THE FIRST ROUND of government restructuring was about political accountability.
With his budget proposal, Gov. Mark Sanford began a bid to sell the second round as a way of saving money.
For the changes he included in his budget, that makes all the sense in the world. Despite skeptical legislators’ charges that cutting costs through restructuring is an illusory proposition, the governor’s numbers are quite realistic.
The skepticism stems from the fact that restructuring, as we have been discussing it in this state for more than a decade, really encompasses two distinct types of changes — structural change and political change. We usually group them together because South Carolina needs both. But they can be separated.
Political change — letting the governor appoint the constitutional officers and hire and fire agency directors — doesn’t necessarily save money. It can, if the governor hires directors with the mission of rooting out inefficiencies and working across agencies to eliminate duplication. But that’s up to the governor; savings aren’t the automatic result of political restructuring — and that isn’t the point anyway.
On the other hand, you could save money through structural change — merging health agencies, putting the Corrections and Probation departments together — even if you didn’t give the governor control of the merged agencies. (Although, in fact, many of the agencies Mr. Sanford proposes to merge already are part of his Cabinet.) Turn two agencies into one, and you no longer need two agency directors, two legal offices, two finance offices, two public relations offices, and so on. In business, it’s called efficiencies of scale, and it’s one reason corporate mergers lower costs.
And that’s to say nothing of the duplication of actual service delivery. As Mr. Sanford explains in his budget proposal: “Our health care services are fractured into six different agencies. Agencies with jobs and economic development responsibilities are scattered among four different agencies. Natural resource and environmental programs are shared by five separate agencies.” Put those health agencies together, and you might be able to assign one case worker to a family that is now overseen by six. Clearly, that saves money, too.

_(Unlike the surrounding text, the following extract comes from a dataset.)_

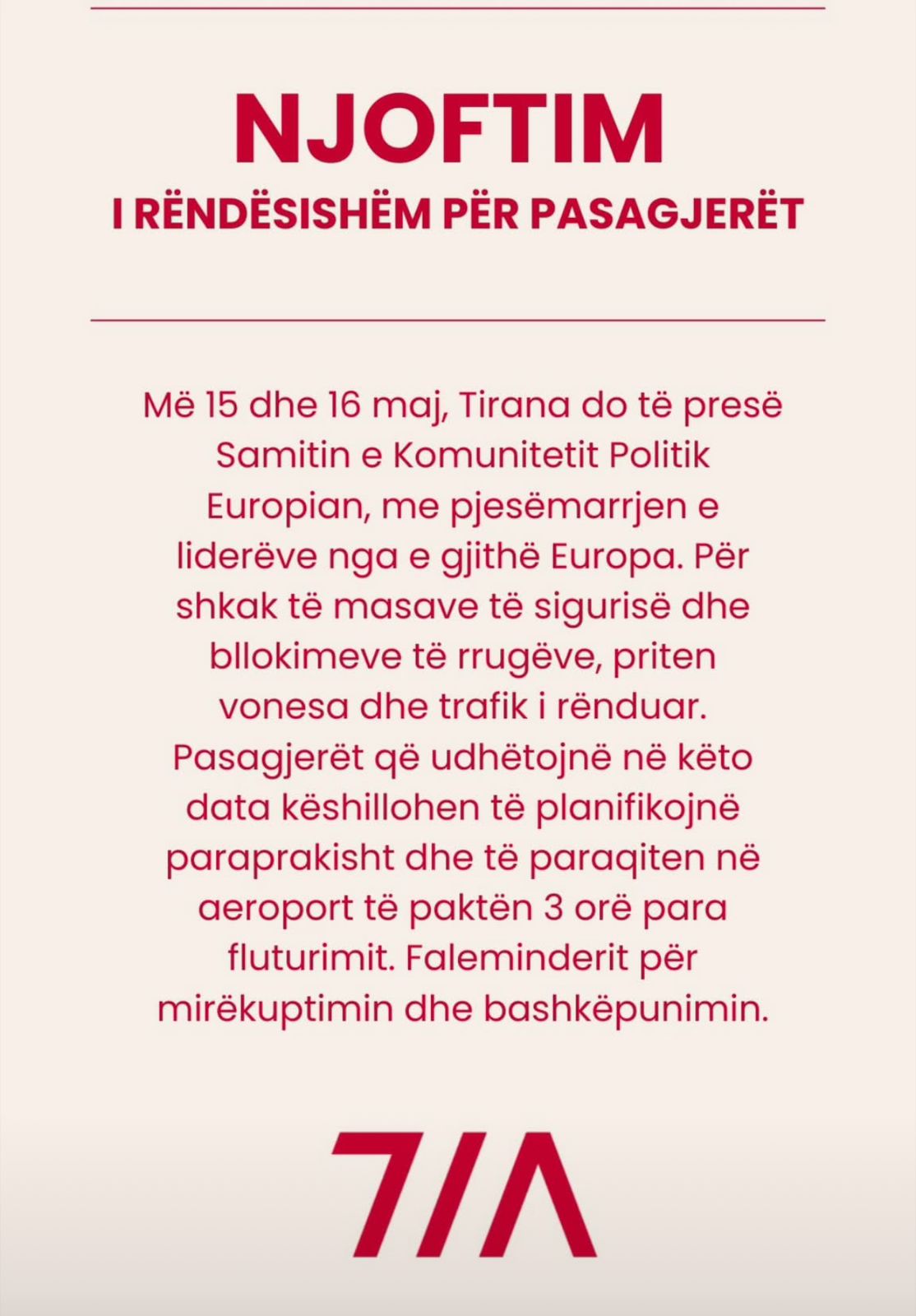 Më 15 dhe 16 maj, Tirana do të presë Samitin e Komunitetit Politik Europian, me pjesëmarrjen e liderëve nga e gjithë Europa. Për shkak të masave të sigurisë dhe bllokimeve të rrugëve, priten vonesa dhe trafik i rënduar, Aeroporti Ndërkombëtar “Nënë Tereza” këshillon pasagjerët që udhëtojnë në këto data që të planifikojnë paraprakisht dhe të paraqiten në aeroport të paktën 3 orë para fluturimit.

In his budget, Mr. Sanford points to a U.S. Department of Energy study that found power company mergers reduced costs by an average of 11 percent to 13 percent. By contrast, his projection that consolidating some overlapping state agencies will reduce administrative costs by 18 percent means the Arts Commission would spend 5 percent less overall, the Forestry Commission 3 percent less, the health agencies 1.8 percent less. (The budget does not include any savings from letting the governor appoint constitutional officers, which isn’t actually part of the budget proposal, and couldn’t occur until at least 2007.)
Francis Marion President Fred Carter was instrumental in helping put together the restructuring proposals as Mr. Sanford’s chief of staff. Dr. Carter also was director of the state Budget and Control Board in the early 1990s, where he was assigned the task of making all the details of the first round of restructuring work.
He believes people who argue that the first round of restructuring didn’t save money miss the point, since that wasn’t the purpose of restructuring. He also believes that while there were some added costs, as when the state created a whole new police agency, there were also some immediate savings — for instance, when lawmakers pulled 40 formerly independent professional licensing boards under the umbrella of one agency.
“Remember we cut out a lot of governing boards, and a lot of administrative processes associated with those lay boards,” he told me last week. “I don’t know that we truly achieved some of the cost efficiency standards that we would like to, but I think we achieved some of the cost effectiveness standards we wanted to.” In other words, agencies were able to serve additional people with the same amount of money.
Dr. Carter believes that will happen again, with both the structural changes the governor proposes in his budget and the political changes, most of which will have to be considered separately and approved by voters.
Moreover, he also believes that the proposals to consolidate agencies are the only responsible way of “dealing realistically with agencies that have been all but paralyzed by some of the budget cuts they have taken over the past three or four years.”
“Many of these agencies, without a restructured organization, really don’t have the capability to carry out their mission effectively,” he said. “He’s trying to continue restructuring, which I believe is vitally important. But the other thing he’s trying to do is to revitalize agencies whose core budgets have been cut appreciably, by bringing about more effective consolidation and coordination models.”
As Mr. Sanford explained, most agencies will receive less money next year than they did this year whether the Legislature adopts his entire budget or rejects the entire thing. With his restructuring proposals, it will be easier for many of them to absorb those cuts without reducing the services they provide to South Carolinians.
When you consider all the other advantages of restructuring, it’s hard to see why anyone whose goal is to serve the public would object to that.